- Born: Kenosha, Wisconsin
- Education: University of California, Berkeley, Smith College, University of Chicago
- Occupations: Clinical Psychologist and Professor Emerita
- Known for: Family resilience, family strengths, family processes, loss in families, gender disparities

= Froma Walsh =

Clinical Psychologist and family therapist

Froma Walsh (born 1942) is an American clinical psychologist and family therapist. She is the co-founder and co-director of the Chicago Center for Family Health and the Mose and Sylvia Firestone Professor Emerita at the University of Chicago.

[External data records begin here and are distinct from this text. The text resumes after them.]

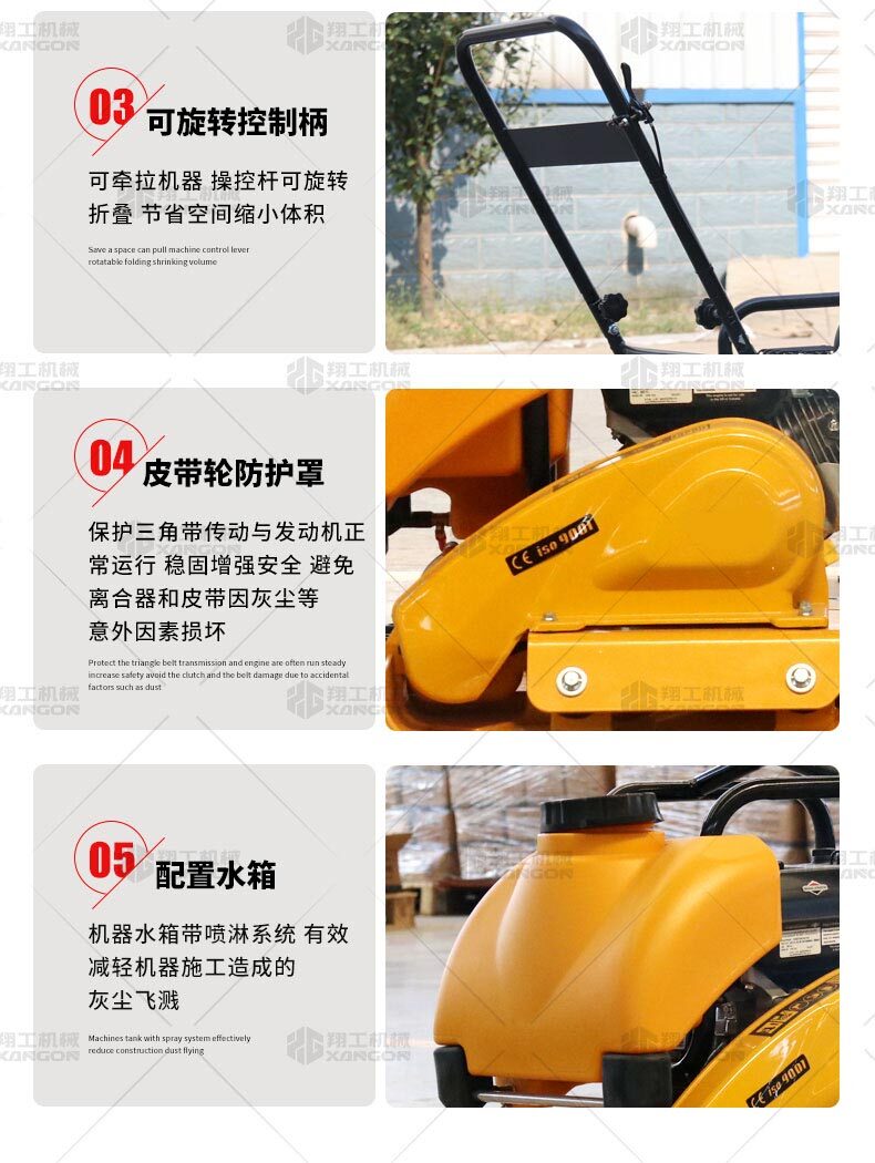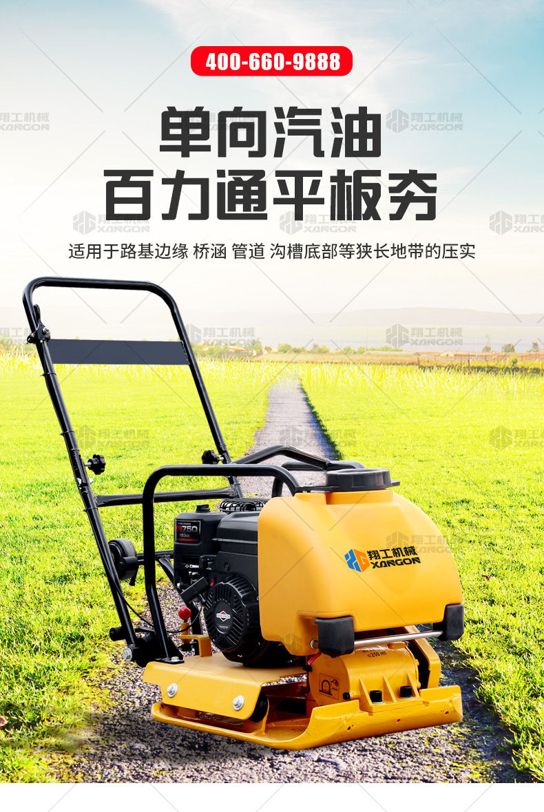 單向平板夯XPB-20適用于路基邊緣、橋涵、管道、溝槽底部等狹長地帶的壓實。 HONDA動力,性能優越,啟動容易 采用單獨懸掛式強力減震機構,減少對發動機的沖擊,提高操作人員的舒服感;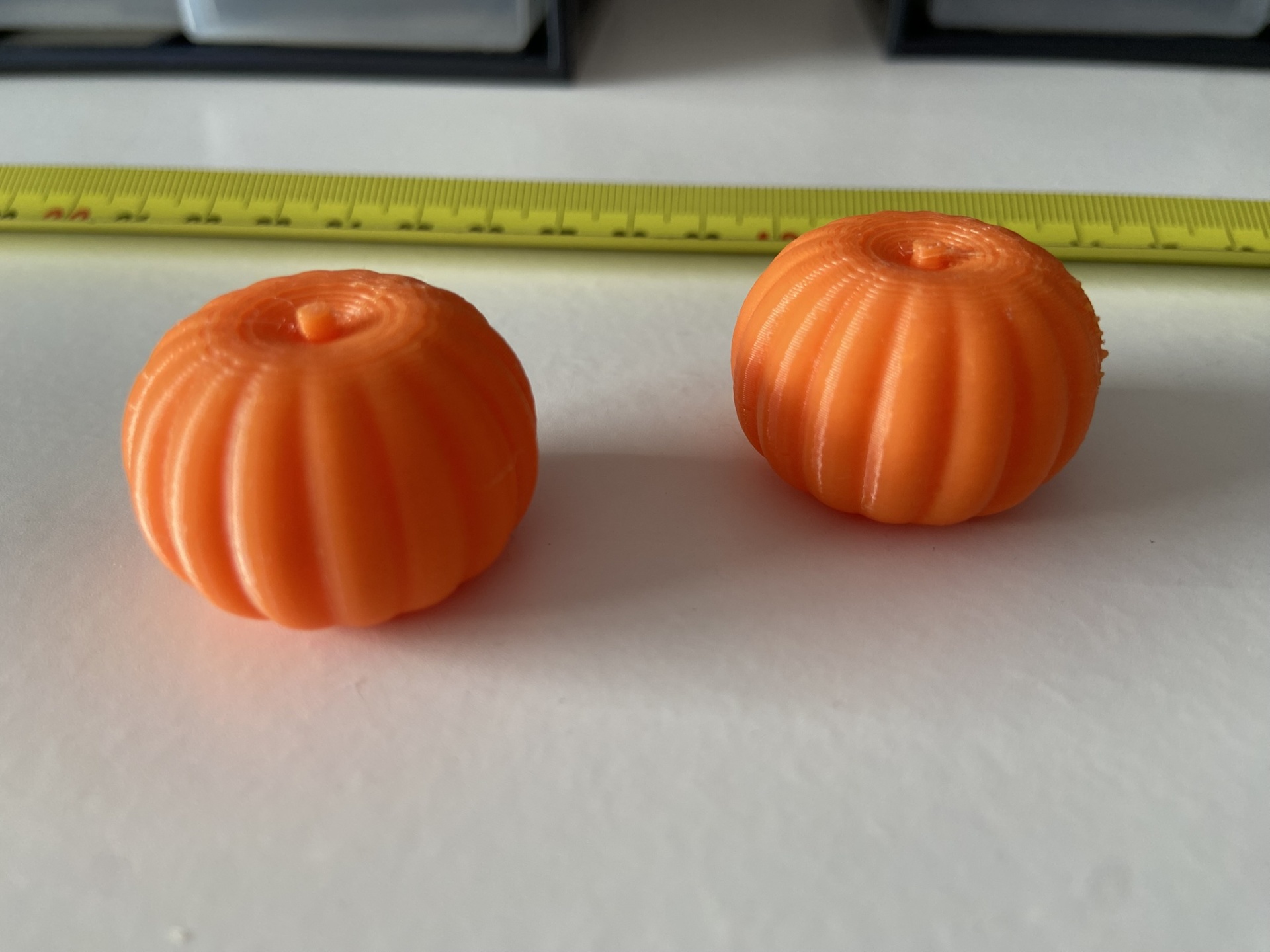 • Dois objetos laranja canelados em formato arredondado sobre mesa branca com fita métrica ao fundo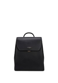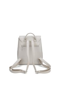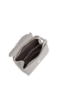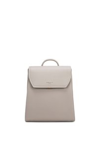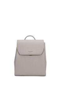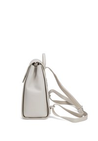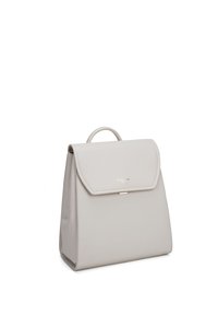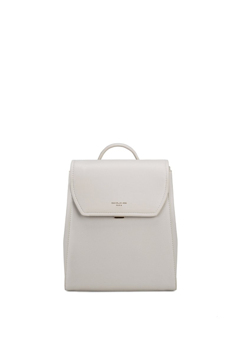 Petit sac à dos gris clair avec une poignée sur le dessus, fermeture à rabat et un logo discret "David Jones Paris" sur le devant.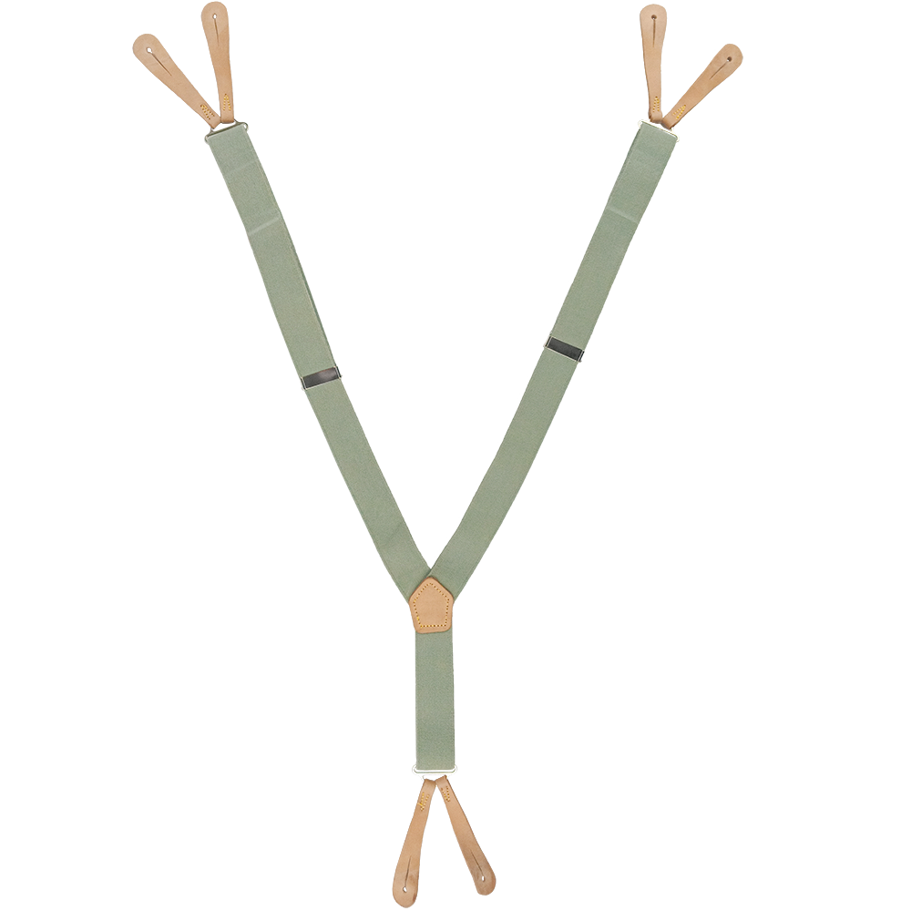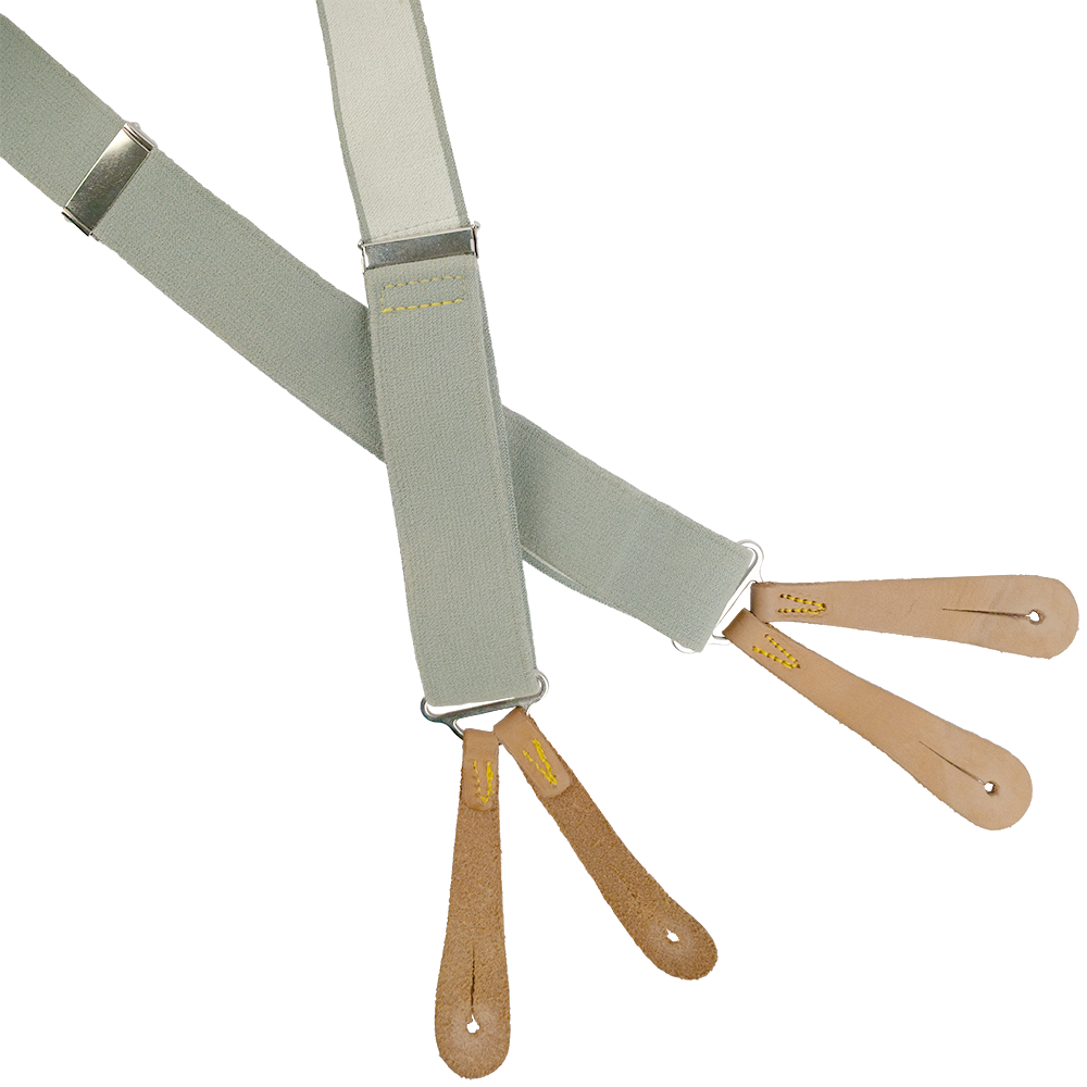 In grey-blue, these British Forces braces (or suspenders) require six attachment buttons on the trousers you want to hold up. The adjustable and elastic Y-shape design has durable, soft leather attachment points and silver toned hardware.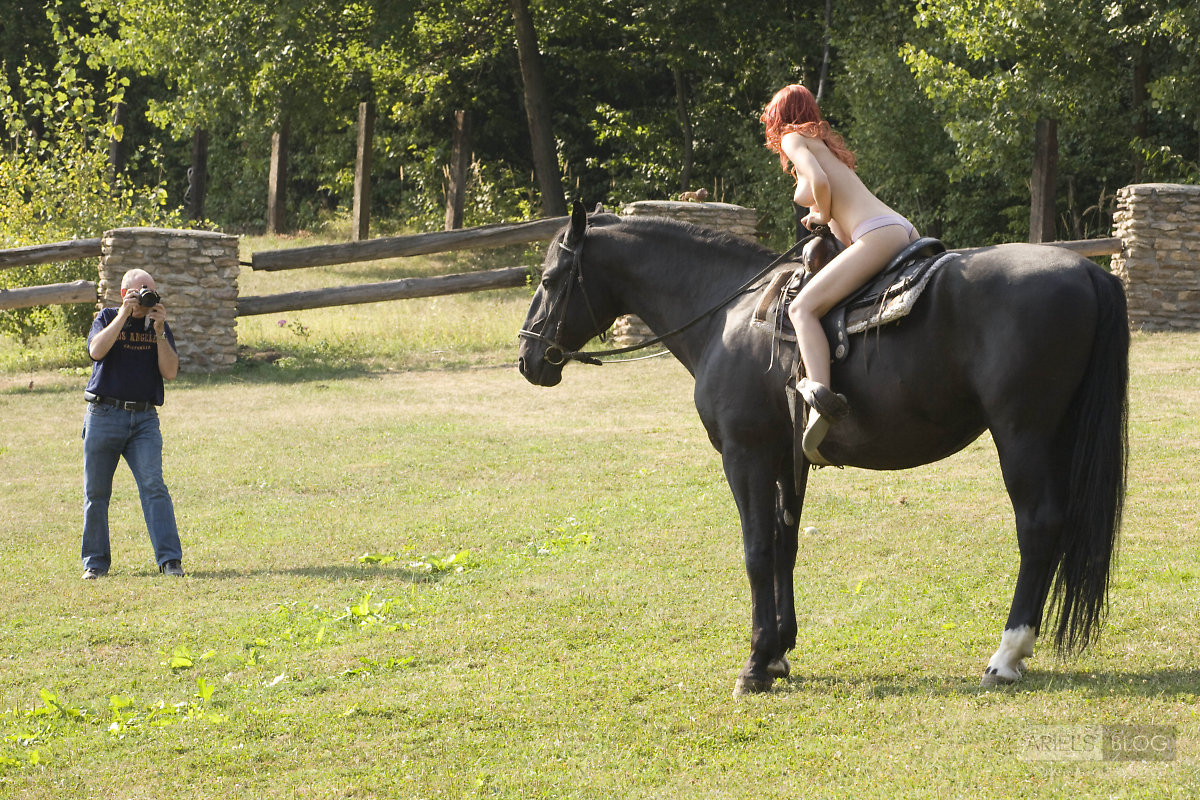 Passionate and sexy redhead Gabrielle Lupin rides a horse outdoors fully nude.

== Early life and education ==
Walsh grew up in Kenosha, Wisconsin and Burbank, California. She received her BA in Psychology at the University of California, Berkeley (1960-1964), where she was involved in primate studies and was worked alongside Mark Rosenzweig (psychologist) and Marian Diamond on enriched environments in neuroplasticity. She served as a Peace Corps Volunteer in Morocco (1964–66), in the women's center (foyers feminins) and in psychological services for maladapted youth. She received an MSW at Smith College, Northampton, MA, with clinical practica at the Yale University Child Study Center and at the department of psychiatry (1968-1970). She earned her PhD in Human Development and Behavioral Sciences at the University of Chicago (1977) and was influenced by the work of Bertram Cohler and Mihaly Csikszentmihalyi on positive life course development.

== Career ==
In 1971 Walsh was the Family Studies Coordinator for a Schizophrenia Research Program in Chicago, which was sponsored by the National Institute of Mental Health. She brought a family systems orientation in contrast to prevailing mother-blaming theories of mental illness in the field of psychiatry. She expanded her studies from families of psychiatric patients to a broad community sample to understand the diversity, challenges, and strengths in family life. In 1978, Walsh joined the faculty of the Family Institute of Chicago, Northwestern University as Associate Professor of Psychiatry. From 1982 until retirement, she was on the tenured faculty at the University of Chicago in the School of Social Service Administration and the Department of Psychiatry, Pritzker School of Medicine, and was appointed the Mose and Sylvia Firestone Professor. Additionally, she and John Rolland co-founded the university-affiliated Chicago Center for Family Health (1991-current). Under their co-direction, the award-winning institute has provided resilience-oriented family therapy training and community consultation, with a core commitment to diverse and underserved families.

== Major contributions ==
Walsh has focussed much of her work on family resilience. Her research-informed family resilience framework has helped to shape theory, research, and practice with individuals, families, and communities facing adversity Over 30 years, she and her CCFH colleagues have developed programs building family resilience with a range of adverse situations: complicated bereavement; chronic illness/disability; relational trauma; divorce; job loss/unemployment; LGBTQ stigma; and at-risk youth. She has conducted international training and consultation to develop local capacities to strengthen families facing adversity, from conditions of poverty to major disasters, refugee displacement, and war-related strife

She has refocused psychotherapy from family deficits to family strengths, deconstructing myths of "the normal family." She addresses the diversity, challenges, and resilience of families in the context of societal and global transformations. Informed by the research evidence that children and families can thrive in diverse relational structures, she identified key family processes and socio-cultural influences in risk and resilience.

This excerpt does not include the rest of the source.